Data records
────────

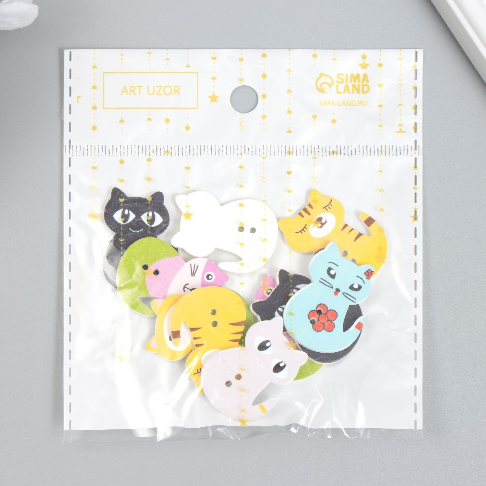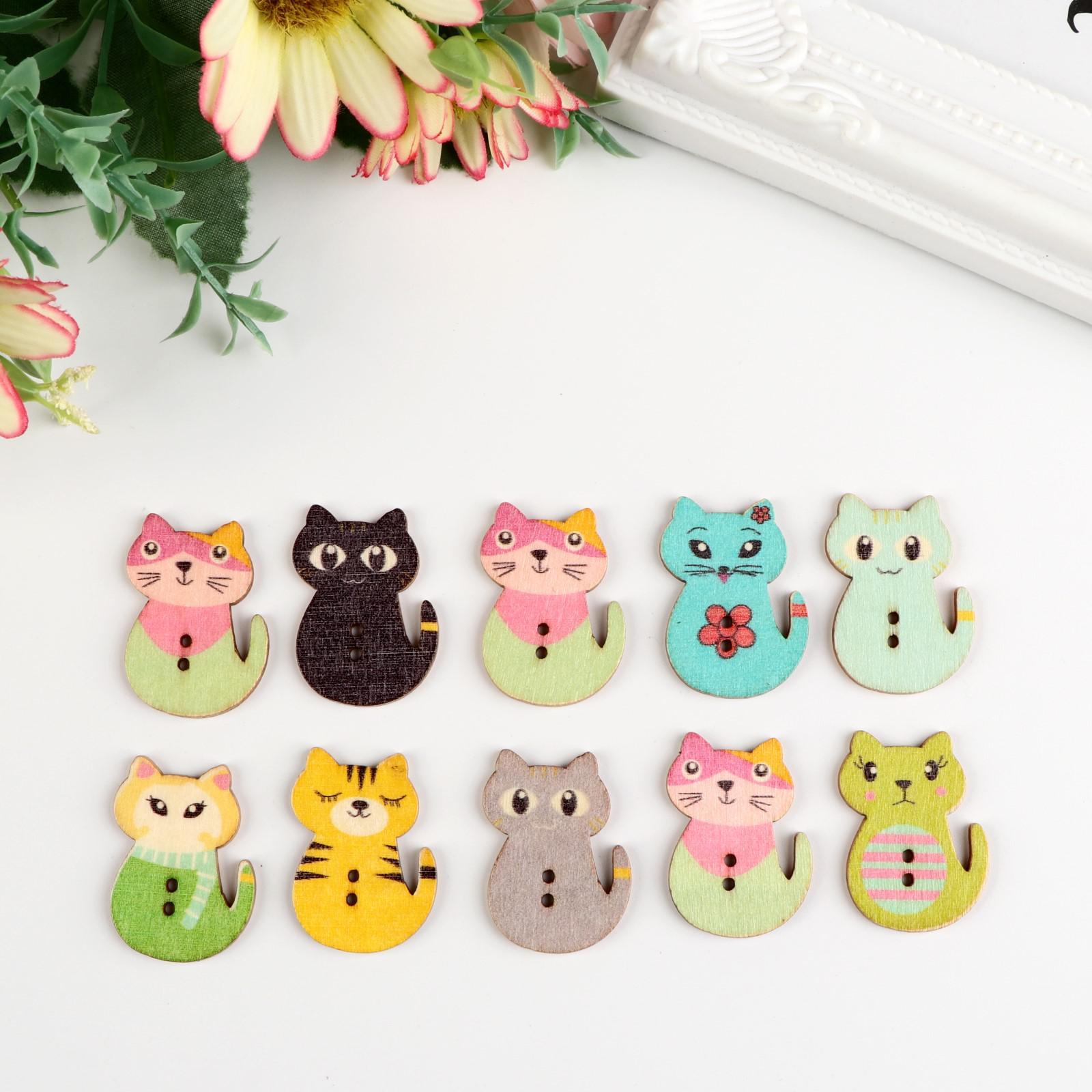 Пуговицы дерево для творчества 2 прокола «котята», набор 10 шт., 3 2.1 0.2 см
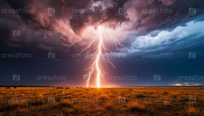 Облака и молнии поражают поле во время грозы
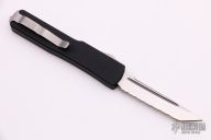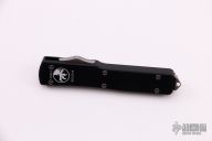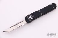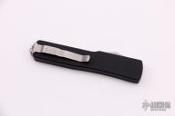 This UTX-70 OTF automatic by Microtech features a T/E satin finished blade with full serrations. The handle has a black aluminum frame with blasted stainless steel tip down clip. Serial number 26951 and dated 06/2015. Comes with original box and papers. Excellent condition.
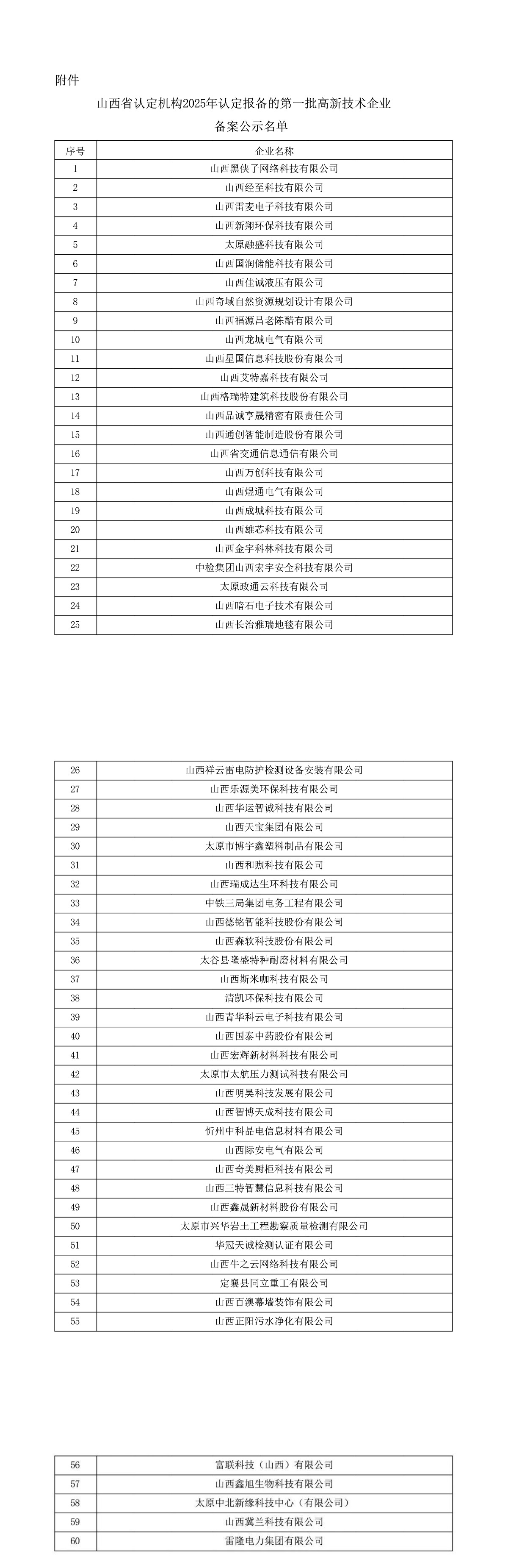 附件:山西省認(rèn)定機(jī)構(gòu)2025年認(rèn)定報(bào)備的第一批高新技術(shù)企業(yè)備案公示名單
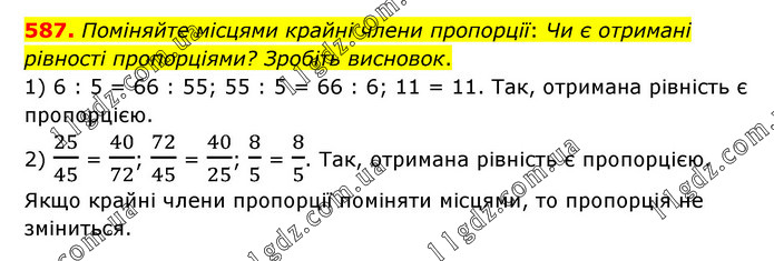 Поміняйте місцями крайні члени пропорції: Чи є отримані рівності пропорціями? Зробіть висновок. 1) 6 : 5 = 66 : 55; 55 : 5 = 66 : 6; 11 = 11. Так, отримана рівність є пропорцією. 2) 25/45 = 40/72; 72/45 = 40/25; 8/5 = 8/5. Так, отримана рівність є пропорцією. Якщо крайні члени пропорції поміняти місцями, то пропорція не зміниться.

────────

* WHAT YOU WILL DO
Images are to be skipped, and each line above is to be returned exactly.

* WRITTEN RESPONSE
 Пуговицы дерево для творчества 2 прокола «котята», набор 10 шт., 3 2.1 0.2 см
 Облака и молнии поражают поле во время грозы
 This UTX-70 OTF automatic by Microtech features a T/E satin finished blade with full serrations. The handle has a black aluminum frame with blasted stainless steel tip down clip. Serial number 26951 and dated 06/2015. Comes with original box and papers. Excellent condition.
 附件:山西省認(rèn)定機(jī)構(gòu)2025年認(rèn)定報(bào)備的第一批高新技術(shù)企業(yè)備案公示名單
 Поміняйте місцями крайні члени пропорції: Чи є отримані рівності пропорціями? Зробіть висновок. 1) 6 : 5 = 66 : 55; 55 : 5 = 66 : 6; 11 = 11. Так, отримана рівність є пропорцією. 2) 25/45 = 40/72; 72/45 = 40/25; 8/5 = 8/5. Так, отримана рівність є пропорцією. Якщо крайні члени пропорції поміняти місцями, то пропорція не зміниться.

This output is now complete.